Fire impacts structures

UPDATE: 9:30 p.m.

The BC Wildfire Service says some structures, likely outbuildings, have been impacted by the Snowy Mountain wildfire.

An update late Saturday evening says "details are forthcoming" on impacted structures. Fire information officer Bob Cunneyworth says at this point, it's believed no homes have been impacted by the fire, and adds further details should be known on Sunday.

Crews had more favourable weather at the fire today, with cooler temperatures and some rain.

Cunneyworth says, however, crews are wary of night winds, which he says have caused problems the past couple nights.

There are now 80 firefighters battling the blaze, as well as three helicopters and four pieces of heavy equipment. 

"Crews continued to work on the southeast flank to protect adjacent properties, and are also positioned on the northwest flank to tie the fire perimeter into rocky slopes to keep it wrapping around the mountain towards the Keremeos area," an update from the BCWS says.

The fire is still mapped at 10,911 hectares in size, making it the largest fire currently burning in B.C. 


ORIGINAL: 10:20 a.m.

It was a rough night on the Snowy Mountain fire line.

Not only did persistent winds drive the flames, but two new fires in the area forced officials to divert resources to put those fires out before they became too large.

BC Wildfire Service Fire Information Officer Claire Allen said the growing fire resulted in an evacuation order for 21 homes.

“It was really busy and aggressive fire activity for our crews that were out there last night,” said Allen, adding the fire is “active during the day and just as active at night.”

Allen said the Lower Similkameen Indian Band issued an evacuation order for 21 properties in the Chopaka Road area.

“There is still wide-spread evacuation alerts as well,” she said.

BCWS crews were working with the Keremeos Fire Department in the evacuation area to prioritize life and safety first.

“Additional resources were sent, so we had some initial attack crews and officers out of Penticton as well as some staff from the BC Wildfire Service incident management team,” she said.

As of Friday, the fire was estimated to be 10,911 ha, but Allen expects that number will grow today after last night's fire activity.

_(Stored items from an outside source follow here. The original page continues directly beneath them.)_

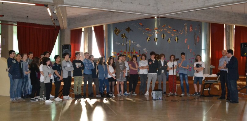 Bersaglieri, Fanti, Marinai e Alpini presenti alla cerimonia della consegna della Costituzione ai neo-maggiorenni di Mozzo. (Foto Luigi Rota)
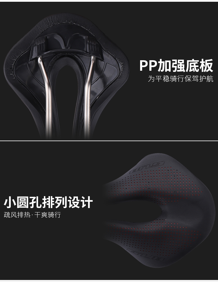 特色:超纖皮表面耐磨有質(zhì)感,鉻鉬鋼中空軌道強(qiáng)度高,小圓點排列設(shè)計,疏風(fēng)排熱,加強(qiáng)PP底板,平穩(wěn)輸出,安心騎行!
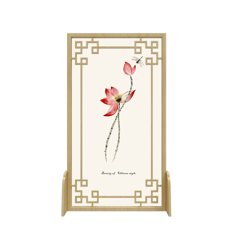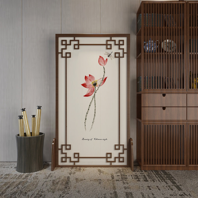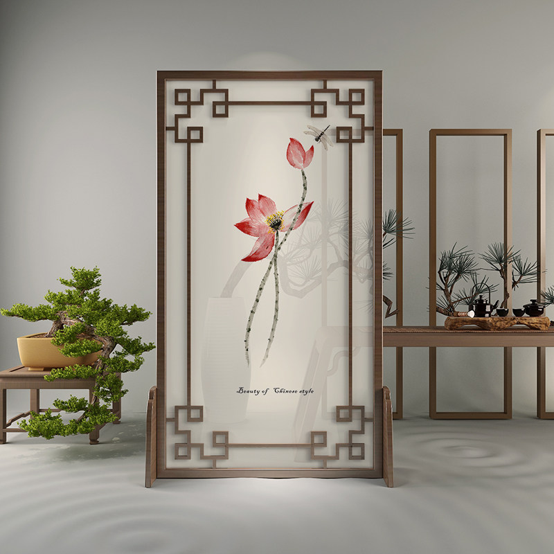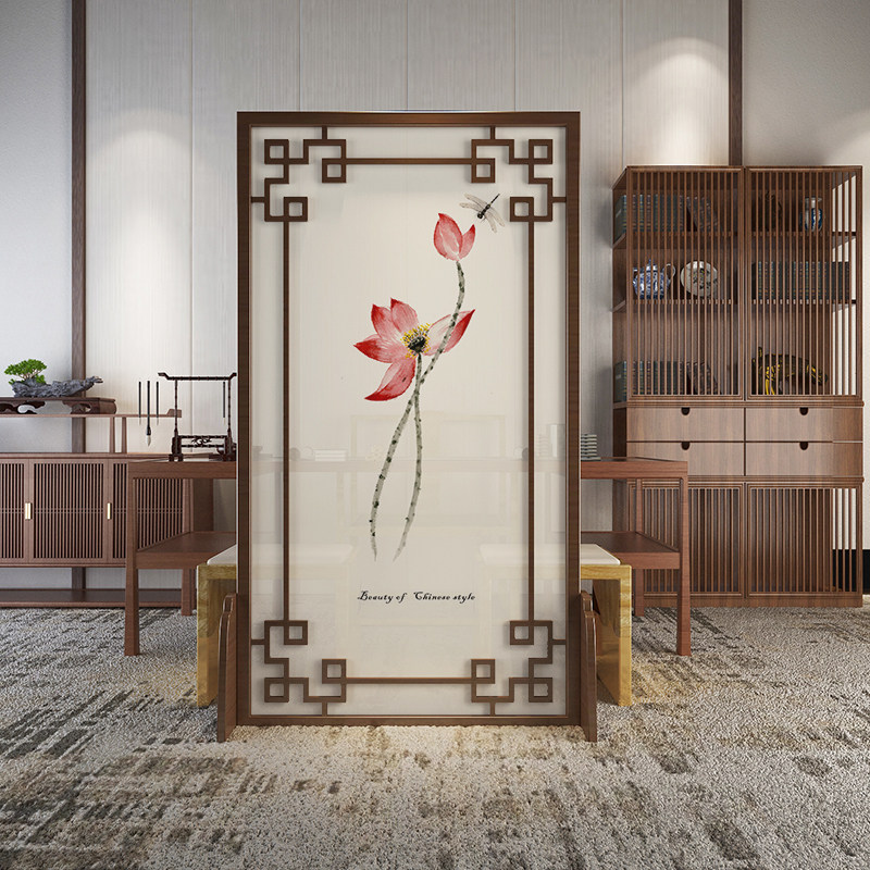 Screen Partition Living Room Solid Wood Modern Chinese Style Ink Lotus Xuanguan Brief About New Chinese Hollowed-out Seat Screen Small Family

“Terrain is always a challenge on this fire, there are very steep slopes, but the winds really were the factors that caused so many issues for crews last night,” said Allen. “The winds have been unpredictable both when they are going to start as well as the speed at which they are going to come, so we did have winds coming down slope and from the north at at least 30 km/h last night sustained. We saw very aggressive fire behaviour. It is burning in a southward direction toward the U.S. border.”

To add to the existing challenges, two more fires were reported near the Snowy Mountain Fire.

Allen said the fires are not related to the Snowy Mountain Fire, but were two new fires.

“Our crews that were working the night shift were reassigned to provide that initial attack suppression to extinguish those fires while they are still small,” she said. “It was certainly a challenging night.”
Allen said the cause of the two new fires in under investigation.

Crews will continue to battle the Snowy Mountain fire around the clock.